Vote for the greatest Jet
“Broadway Joe” was an iconic player, not just for the Jets, but also for the AFL before its merge with the NFL. In fact, Namath is often given credit for giving a boost to the merger because of his signature moment with the Jets. Prior to Super Bowl III against the NFL’s Baltimore Colts, Namath guaranteed a victory for the AFL’s Jets. Namath led the Jets’ offense to a 16-7 win, passing for 208 yards and helping prove that the AFL was worthy of merging with the NFL. He is the only QB to win a Super Bowl MVP without throwing for a touchdown. Namath was a true celebrity off the field, performing in several movies and becoming a media darling.

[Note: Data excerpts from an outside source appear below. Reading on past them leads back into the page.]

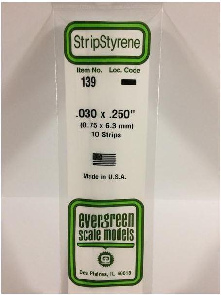 Stripstyrene White 0.75 x 6.3mm (10) 139
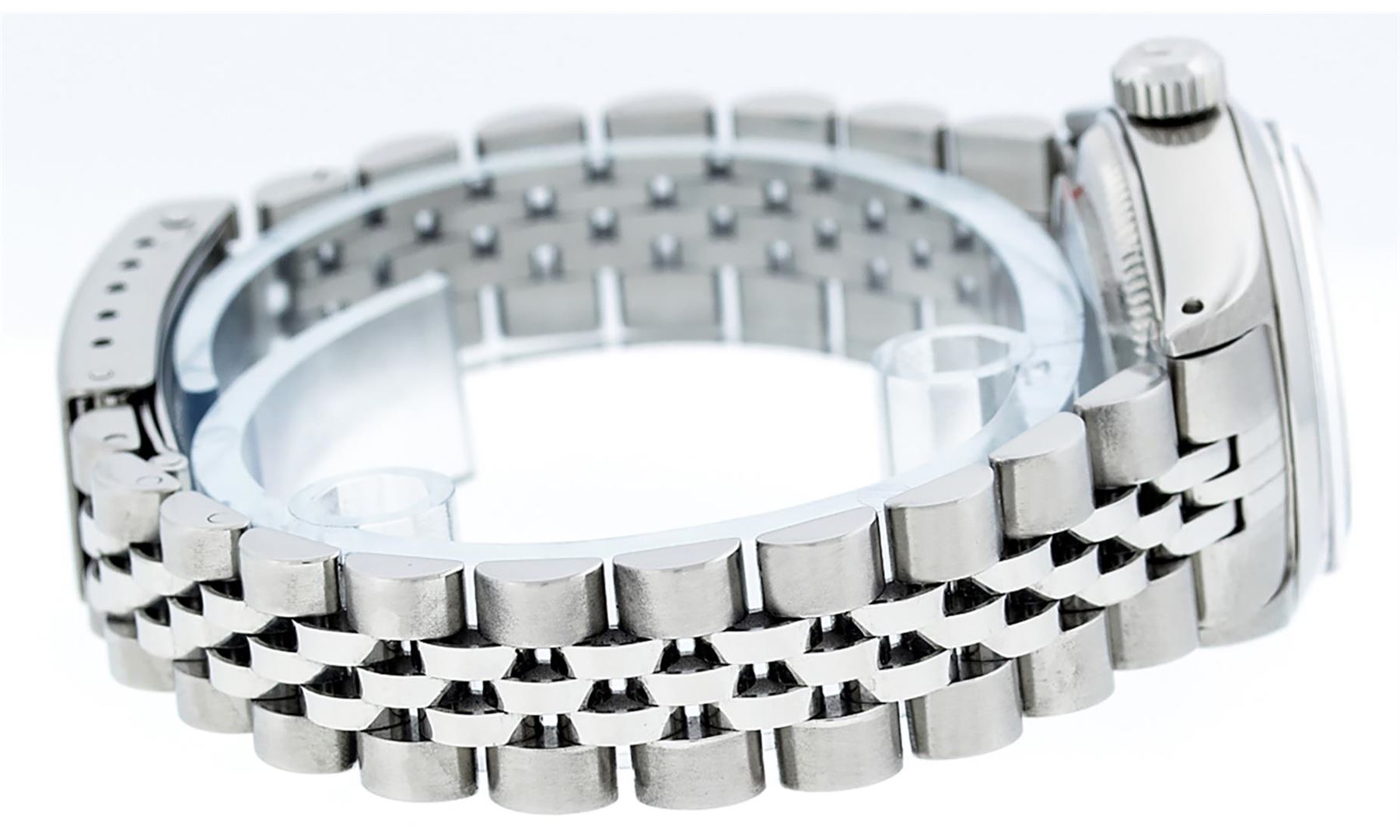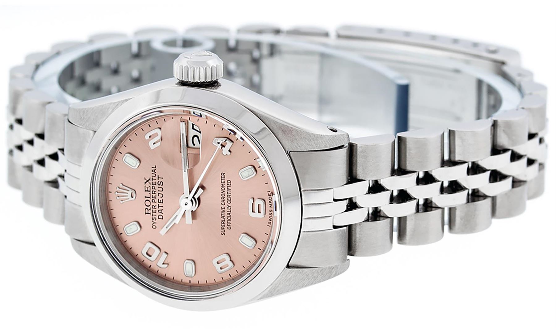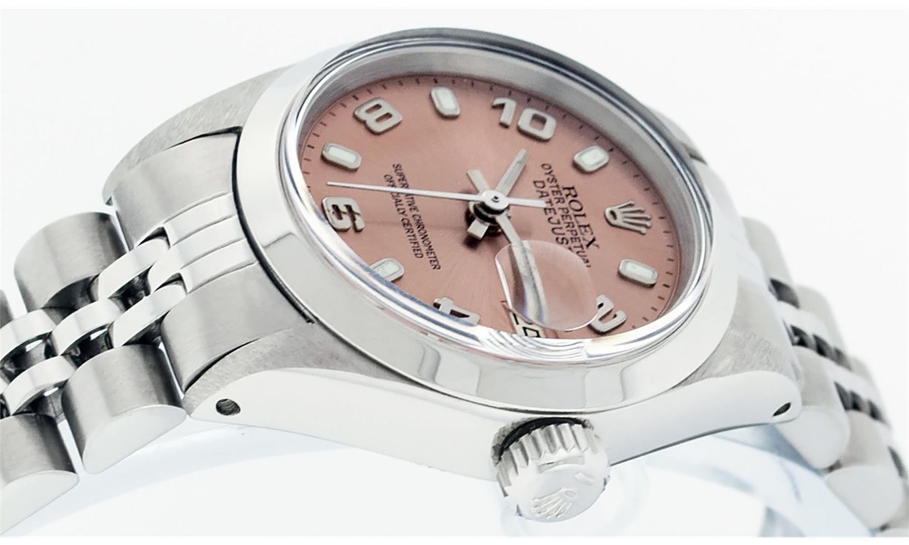 One Ladies Stainless Steel Rolex Datejust Polished Bright with Satin Finish, Serviced & Electronically Tested, Stainless Steel Case: 26mm, Stainless Steel Crown, Bezel: Stainless Steel Smooth Bezel. Custom Crystal: New Acrylic Cyclops Lens. Custom Hands: New Luminescent Hands. Movement: Automatic Winding Movement Caliber 2030. Dial: Salmon Arabic Dial With Dash Track, Date Window: 3 O'Clock Position Date Display, Model: Datejust. Condition: G-6 Extra Fine. Bracelet: Stainless Steel Jubilee Band. Bright Polish & Satin Finish. 6.0 Inch Length, Adjustable. Standard Clasp, With Rolex Logo. This Watch Has Been Serviced Time Tested And Is In Excellent Condition It Is Free Of All Scratches And Dents.
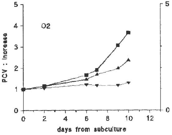 MS-A, MS-G, MS-AG stimulated cell growth rate at the same extent; MS-P was less effective. Zein accumulation was similar in MS-A, MS-G and MS-P; a considerable increase was observed in MS-AG. Asparagine and glutamine, the amino acids supplied to the developing kernels by maize plants (Lyznik et al., Phytochemistry 24:425, 1985) represent a good nitrogen source for wt and o2 cultured cells, as reported for A636 cultures (Lyznik and Tsai, Plant Sci. 63:105, 1989). The ability of cells to grow and accumulate zein in the absence of an organic nitrogen source suggests the capacity of endosperm cells for a consistent amino acid synthesis from inorganic nitrogen; experiments are in progress to elucidate the levels in cultured cells of nitrogen metabolism enzymes, whose levels during endosperm development have been reported with conflicting results (reviewed by Muhitch, Physiol. Plant. 74:176, 1988).
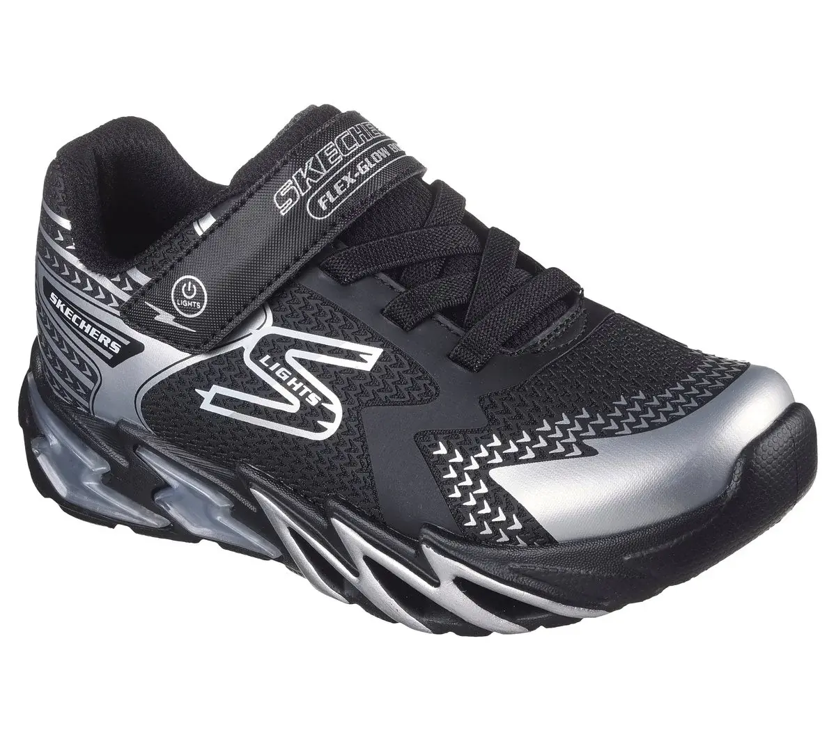 Gear up with light-up style and comfort wearing Skechers S-Lights®: Flex-Glow Bolt. This lighted design features a mesh and synthetic upper with stretch laces, adjustable instep strap and a cushioned comfort insole.

He is credited with helping move the NFL forward from a plodding, run-oriented game to the current, more-open passing style.
Maynard’s career bridged the changes in the New York franchise that went from the Titans and Jets in the AFL and into the NFL. Originally drafted by the Giants, he signed with the Titans in 1960 after spending a year in the CFL. Beginning with the 1965 season, Maynard and then-rookie quarterback Joe Namath became one of the AFL’s premier offensive duos. Maynard, who was inducted in the Hall of Fame in 1987, finished his career with 633 receptions for 11,834 yards and 88 touchdowns. His 18.7 yards per catch is the highest for anyone with at least 600 receptions.
Martin was drafted by the Jets’ rivals in New England in 1995, and spent his first three seasons with the Patriots, including his Offensive Rookie of the Year campaign in 1995 and two Pro Bowl seasons. The Jets signed Martin as a free agent after the 1997 season and made him their featured back for the next nine years. He finished his career with 14,101 career rushing yards (fourth all-time), 90 career TDs (12th all-time) and was the oldest player to win an NFL rushing title at 31 with 1,697 yards in 2004.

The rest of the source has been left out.